Humor pun kadang hadir dalam percakapan keluarga, ketika para tetua bercanda bahwa jika bayi sering senyum-senyum atau tertawa sendiri, mungkin "kakak kandung" yang ada di ari-ari sedang mengadakan reuni rahasia.
Meski begitu, ada pula yang berpendapat bahwa ritual ini memberikan ketenangan batin dan menumbuhkan rasa syukur atas karunia kehidupan. Dalam sudut pandang saya, tradisi ini mengajarkan bahwa setiap aspek kehidupan, sekecil apa pun, memiliki makna yang mendalam dan pantas untuk dihargai.
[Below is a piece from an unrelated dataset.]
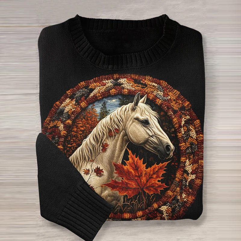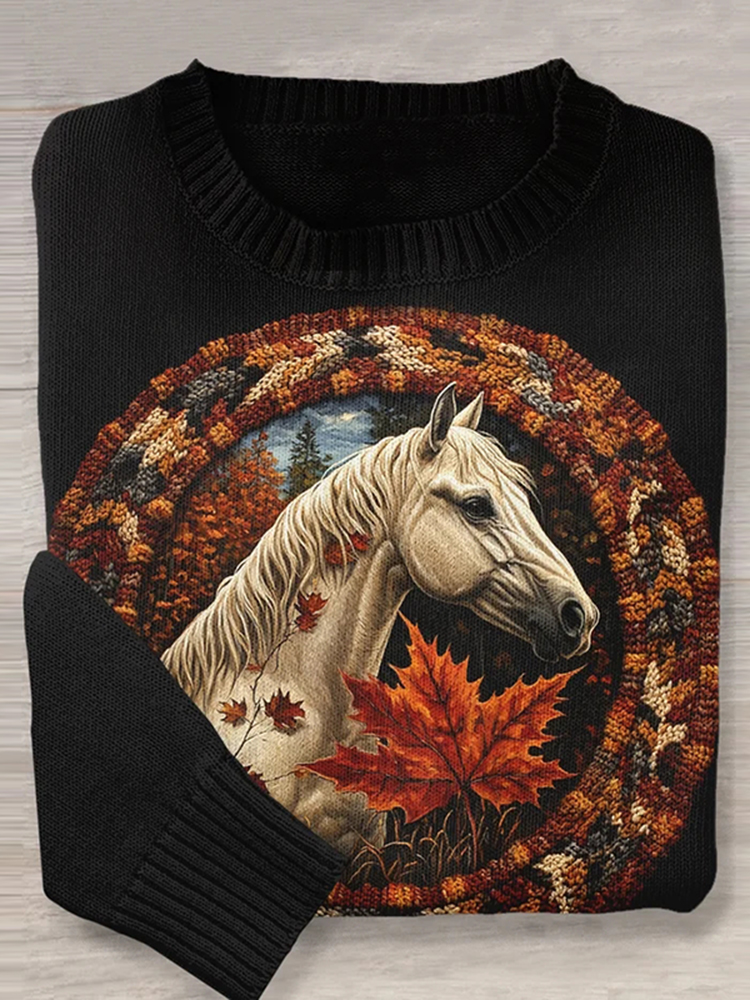 • Vintage Horse Art Pattern Knit Sweater

Tapi, apakah semua ritual ini benar-benar berpengaruh pada nasib bayi? Jawabannya tentu subjektif. Bagi sebagian orang, tradisi ini adalah warisan budaya yang harus dijaga. Bagi yang lain, ini hanyalah mitos yang tidak perlu diikuti secara ketat.
Namun, satu hal yang pasti: tradisi mengubur ari-ari adalah cara masyarakat Indonesia untuk menghormati proses kelahiran dan kehidupan baru. Ia adalah bentuk syukur atas kelahiran bayi, sekaligus harapan agar si kecil tumbuh menjadi pribadi yang sehat, cerdas, dan berbudi luhur.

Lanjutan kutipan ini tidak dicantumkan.